Required work ::
Using the listing below, give again exactly the lines from the line with "4月25日,香港应用科技研究" to the line with "Vatteret jakke fra", inclusive, without the pictures.
*** Opening Data to process ***
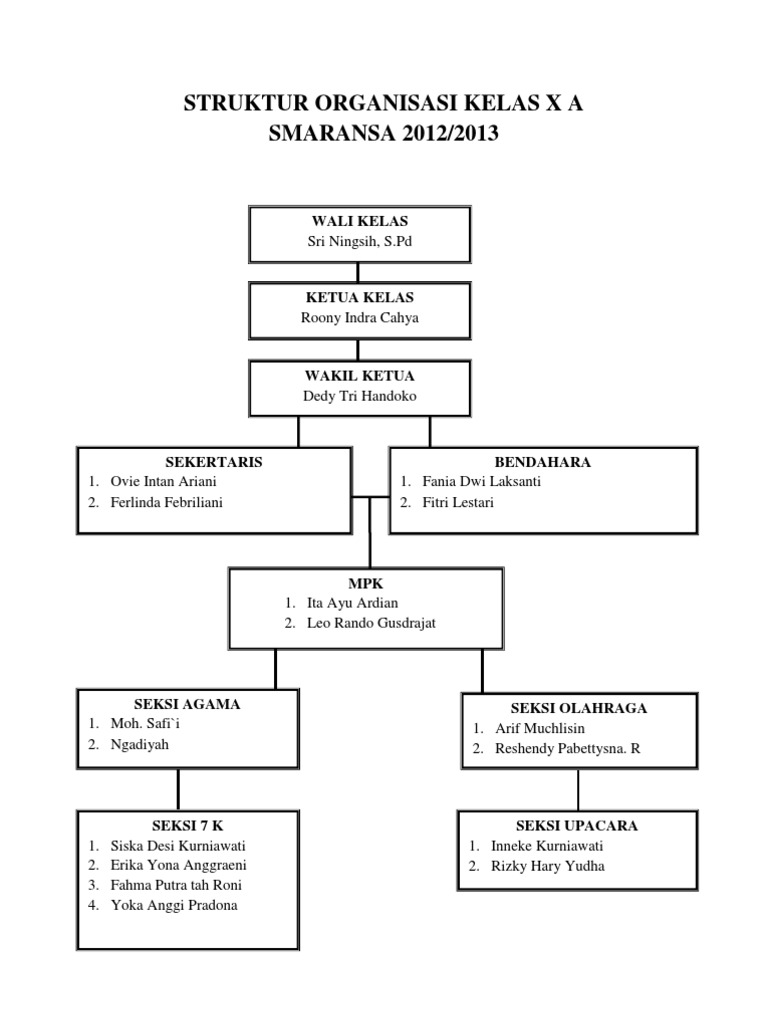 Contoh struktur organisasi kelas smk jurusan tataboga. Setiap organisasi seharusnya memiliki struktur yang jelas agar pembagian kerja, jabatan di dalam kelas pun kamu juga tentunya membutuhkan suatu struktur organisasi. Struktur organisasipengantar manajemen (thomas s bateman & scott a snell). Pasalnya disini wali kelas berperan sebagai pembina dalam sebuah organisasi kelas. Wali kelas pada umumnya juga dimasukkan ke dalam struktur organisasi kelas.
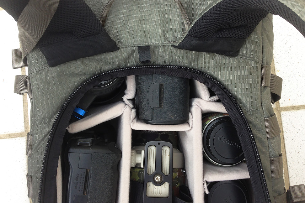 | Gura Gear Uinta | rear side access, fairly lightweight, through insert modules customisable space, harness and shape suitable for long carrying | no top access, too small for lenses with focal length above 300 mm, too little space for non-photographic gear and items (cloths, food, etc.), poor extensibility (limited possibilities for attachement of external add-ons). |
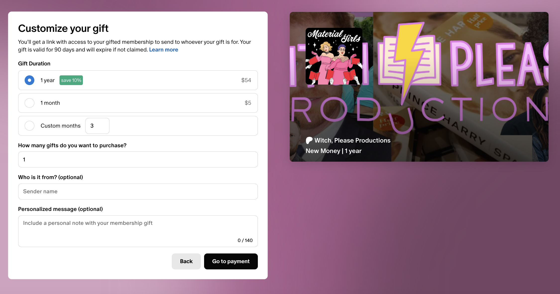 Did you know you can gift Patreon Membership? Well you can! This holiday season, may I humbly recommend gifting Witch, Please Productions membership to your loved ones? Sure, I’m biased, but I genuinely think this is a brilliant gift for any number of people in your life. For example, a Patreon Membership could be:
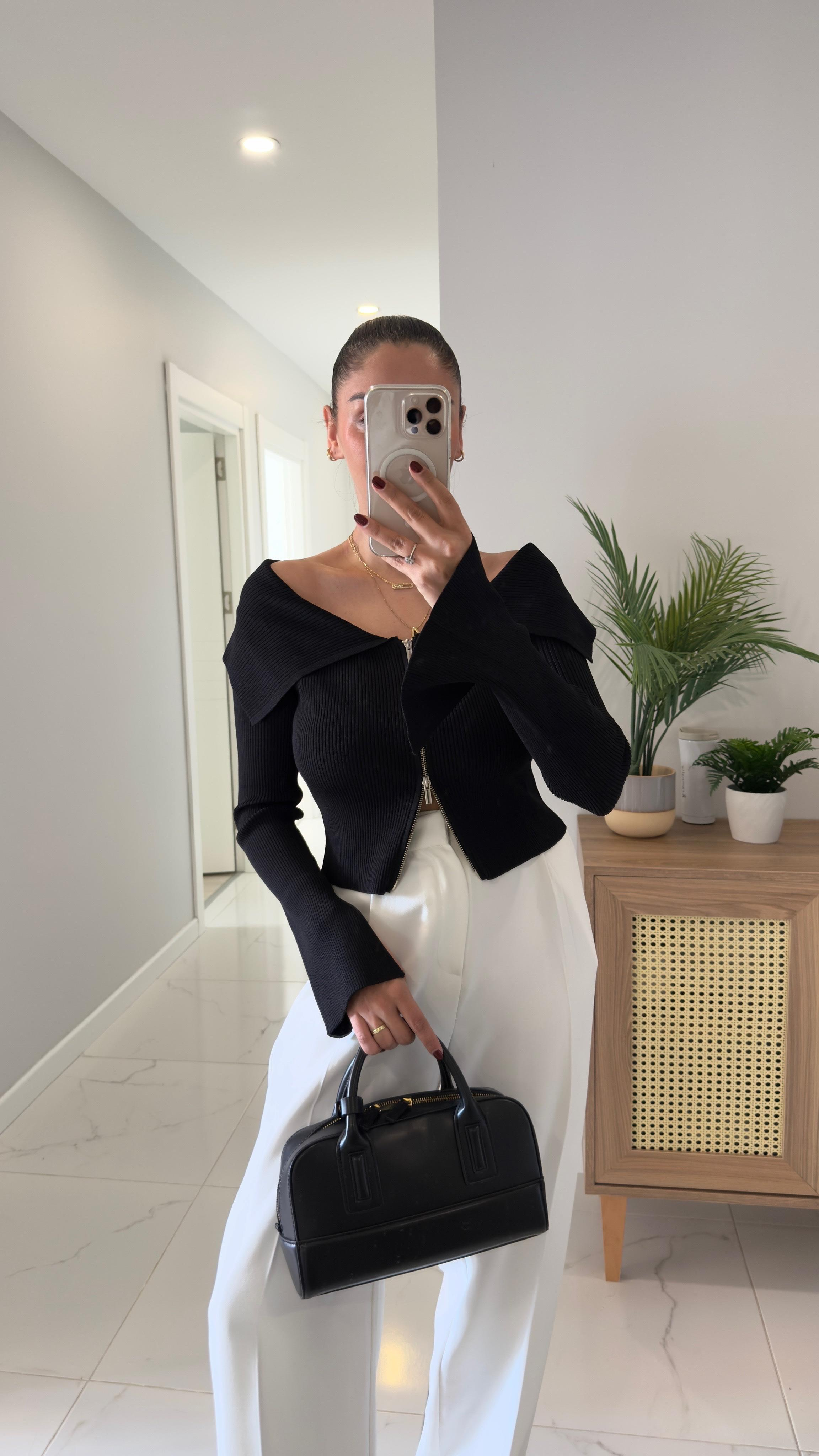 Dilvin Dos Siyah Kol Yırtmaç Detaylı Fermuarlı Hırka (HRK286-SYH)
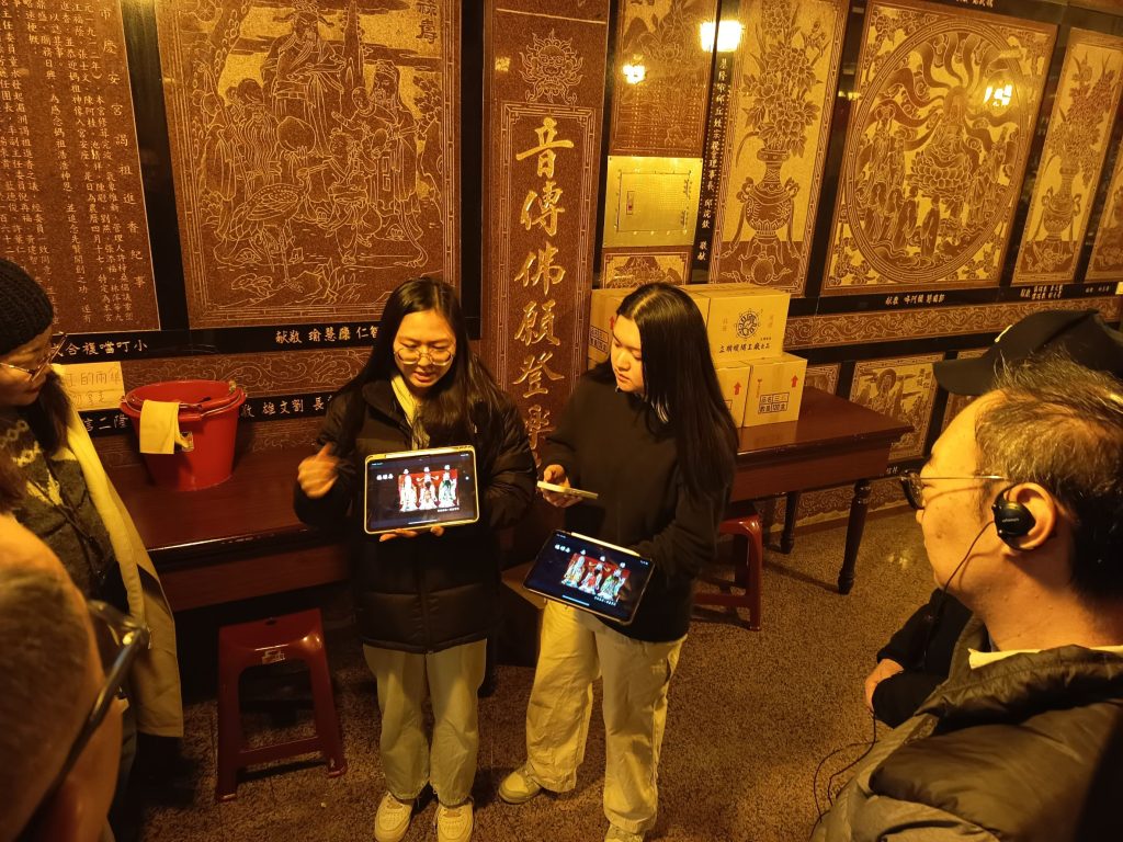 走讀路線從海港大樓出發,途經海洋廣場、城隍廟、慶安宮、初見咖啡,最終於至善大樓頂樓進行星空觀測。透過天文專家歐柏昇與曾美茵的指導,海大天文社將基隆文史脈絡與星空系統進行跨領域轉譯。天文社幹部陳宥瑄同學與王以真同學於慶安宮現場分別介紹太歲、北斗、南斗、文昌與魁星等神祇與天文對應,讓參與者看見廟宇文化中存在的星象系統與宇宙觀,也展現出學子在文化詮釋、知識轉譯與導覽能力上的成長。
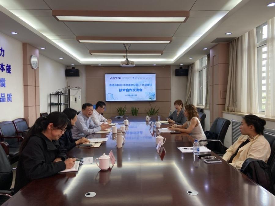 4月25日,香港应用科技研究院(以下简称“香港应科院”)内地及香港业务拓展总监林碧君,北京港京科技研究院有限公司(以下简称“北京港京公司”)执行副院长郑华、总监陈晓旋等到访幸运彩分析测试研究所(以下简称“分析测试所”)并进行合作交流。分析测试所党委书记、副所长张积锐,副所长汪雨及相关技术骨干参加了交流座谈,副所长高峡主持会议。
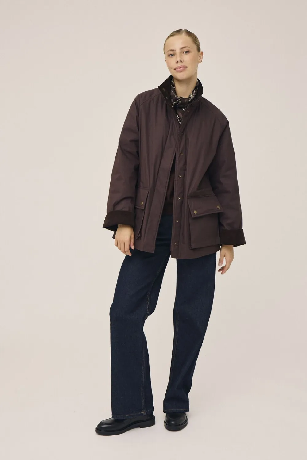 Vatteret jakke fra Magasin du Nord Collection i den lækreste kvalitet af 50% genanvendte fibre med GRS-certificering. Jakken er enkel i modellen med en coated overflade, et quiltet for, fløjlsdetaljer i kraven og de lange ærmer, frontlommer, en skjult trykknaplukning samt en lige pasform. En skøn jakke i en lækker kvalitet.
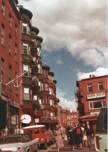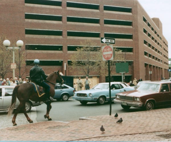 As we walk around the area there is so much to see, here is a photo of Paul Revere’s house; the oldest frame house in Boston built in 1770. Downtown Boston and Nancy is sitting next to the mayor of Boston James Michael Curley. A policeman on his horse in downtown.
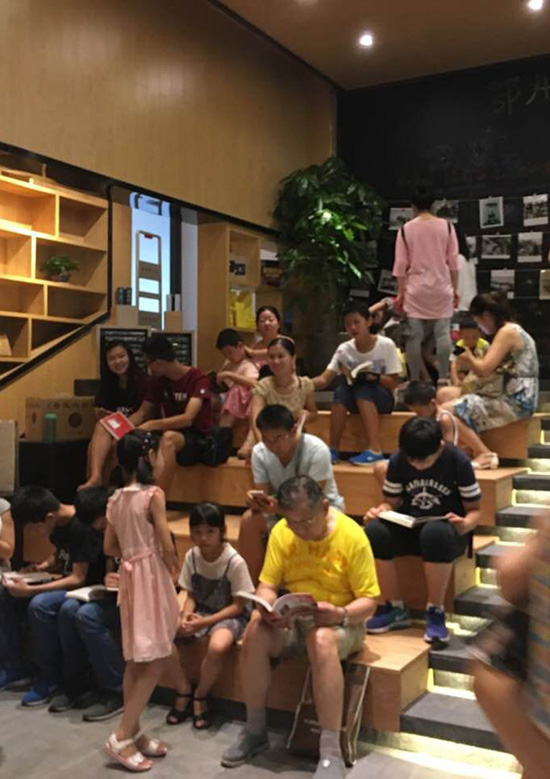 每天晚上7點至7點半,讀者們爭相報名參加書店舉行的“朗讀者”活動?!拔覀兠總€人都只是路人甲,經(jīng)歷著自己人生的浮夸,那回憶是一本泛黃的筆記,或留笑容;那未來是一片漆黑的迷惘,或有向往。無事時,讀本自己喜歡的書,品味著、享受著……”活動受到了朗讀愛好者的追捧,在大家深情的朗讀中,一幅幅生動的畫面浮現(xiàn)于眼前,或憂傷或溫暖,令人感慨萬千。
*** Closing Data to process ***
Expected answer ::
 4月25日,香港应用科技研究院(以下简称“香港应科院”)内地及香港业务拓展总监林碧君,北京港京科技研究院有限公司(以下简称“北京港京公司”)执行副院长郑华、总监陈晓旋等到访幸运彩分析测试研究所(以下简称“分析测试所”)并进行合作交流。分析测试所党委书记、副所长张积锐,副所长汪雨及相关技术骨干参加了交流座谈,副所长高峡主持会议。
 Vatteret jakke fra Magasin du Nord Collection i den lækreste kvalitet af 50% genanvendte fibre med GRS-certificering. Jakken er enkel i modellen med en coated overflade, et quiltet for, fløjlsdetaljer i kraven og de lange ærmer, frontlommer, en skjult trykknaplukning samt en lige pasform. En skøn jakke i en lækker kvalitet.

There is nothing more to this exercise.